El suicida, en vez de buscar los
lugares más solitarios y sombríos, o encerrarse en su habitación, como hoy
sucede, para poner fin a su existencia, elegirá el seno de la sociedad
capitalista; y en medio de la orgía y del festín de los privilegiados; allí
donde éstos se entregan a sus goces y a sus placeres, indiferentes al dolor
ajeno, hará vibrar la nota lúgubre, recordando a aquellos insensatos que están
cometiendo un crimen de lesa humanidad, y que esas riquezas que tan locamente
disipan con tan ostentosa prodigalidad, están amasadas con el sudor y la sangre
de los infelices productores y regadas también con sus lágrimas.

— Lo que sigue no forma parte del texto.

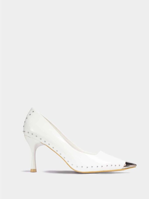 Tacón marca Santorini, elaborado en material sintético de acabado brillante en color blanco. Su diseño es clásico y elegante, con punta fina metálica en tono plateado que aporta un detalle moderno y llamativo.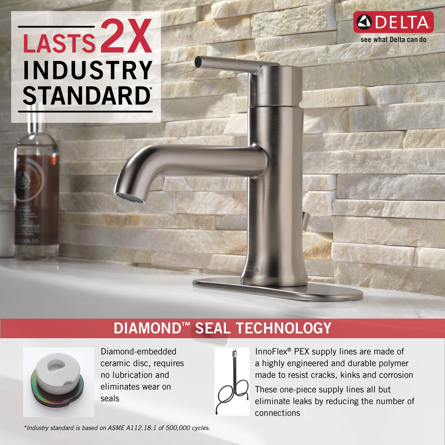 Inspired by the sleek elegance of modern European design, the Trinsic Bath Collection completes the look of any contemporary bath, from classic to rustic. Delta faucets with DIAMOND Seal Technology perform like new for life with a patented design that reduces leak points, is less hassle to install and lasts twice as long as the industry standard. Delta WaterSense labeled faucets use at least 20% less water than the industry standard — helping you save water without compromising performance. You can install with confidence, knowing that Delta faucets are backed by our Lifetime Limited Warranty.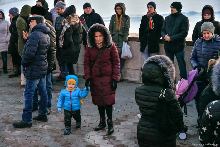 На набережной можно было заметить дежуривших сотрудников полиции. Никто из них до определенного момента никак не вмешивался в происходящее.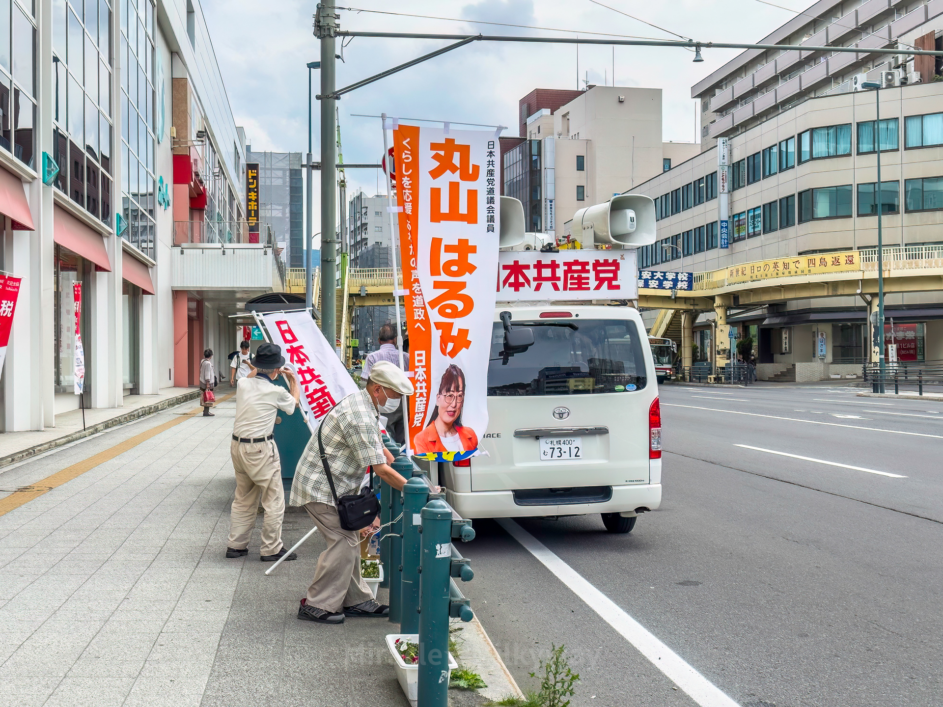 역 앞 사거리에 연설을 준비하고 있는 일본공산당 마루야마 하루미 의원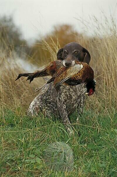 Bildagentur Mauritius Images Wiese Jagdhund Deutsch Kurzhaar Maul Jagdbeute Fasan Tiere Saugetier Saugetiere Haustiere Haustier Canidae Hunde Hund Jagdhunde Vorstehhund Sitzen Wildtiere Wildtier Beute Fang Stolz
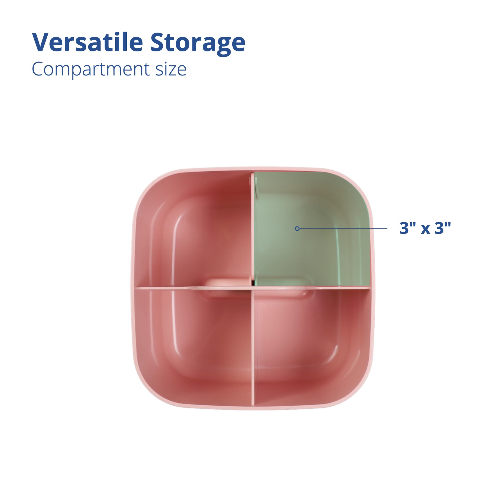 This square caddy has up to four compartments with one removable divider. When the divider is removed, the smallest compartment measures approximately W3 x D3 inches, and the largest measures W6.2 x D3 inches.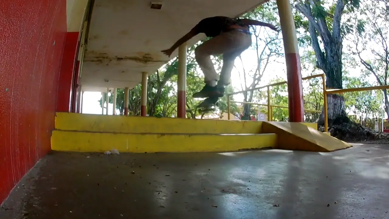 Trick: Half cab up 2 stairs, Centro Cívico, Ciudad Piar.Skater: Alejandro Brito Jimenez [Venezuela]
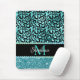Black and Blue Teal Leopard Girly Glam Monogram Mouse Pad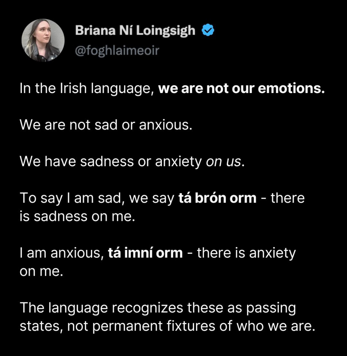 This is quite romantic, and I agree that we should be aware of our emotions as temporary, as clouds in the sky. However, the Irish language has not prevented the Irish people from having some of the highest rates of anxiety on Earth https://ourworldindata.org/grapher/anxiety-disorders-prevalence

Que esto no sólo puede y deba ocurrir
dado el estado de la sociedad, sino que, aquí y allí ya ha sido causa de
tragedias terribles, no es un secreto para nadie. Al trabajar, por
consiguiente, porque con motivo de la contribución de sangre, la cuestión
social se plantee, si tenemos en primer término el interés del obrero, del
esclavo del salario a la vista, abrigamos al mismo tiempo la firme creencia y
la profunda convicción de que, el cambio, ha de ser útil y provechoso para
todos. ¿Acaso no se ven entre los que parecen haber resuelto el problema de la
felicidad, cosas que horrorizan? Los hijos que desean la muerte de sus padres,
¿no son moneda corriente, tratándose de la alta burguesía? Hermanos que
pleitean con hermanos y hasta hijos que hacen lo mismo con sus madres, se
encuentran en esta sociedad a cada paso.
A todos por igual alcanzará la
redención, porque todos la necesitan; desde la infeliz obrera que contrae la
tisis algodonera, encerrada entre los muros de las grandes fábricas, hasta esas
desgraciadas a quienes el dinero las ha hecho caer en el lazo tendido por el
egoísmo y la ambición, y que, cual la luciérnaga, al brillo de su luz han
debido su eterna desgracia y su ruina, viéndose condenadas a vivir con un
miserable que, aparentando querer conquistar su corazón, sólo acudía atraído
por el oro. O esas criaturas infelices, que por librar a los suyos de la
miseria negra se han sacrificado, con verdadero heroísmo, entregando su cuerpo
al mejor postor, como se vende la res en el mercado, y renunciando para siempre
a las satisfacciones y goces naturales.
Así como en los parajes húmedos y
sombríos se desarrollan y propagan los microbios del tétano y de otras muchas
enfermedades, a la sombra maléfica del sistema capitalista nacen y crecen las
más bajas y ruines pasiones, y los más groseros y despreciables sentimientos.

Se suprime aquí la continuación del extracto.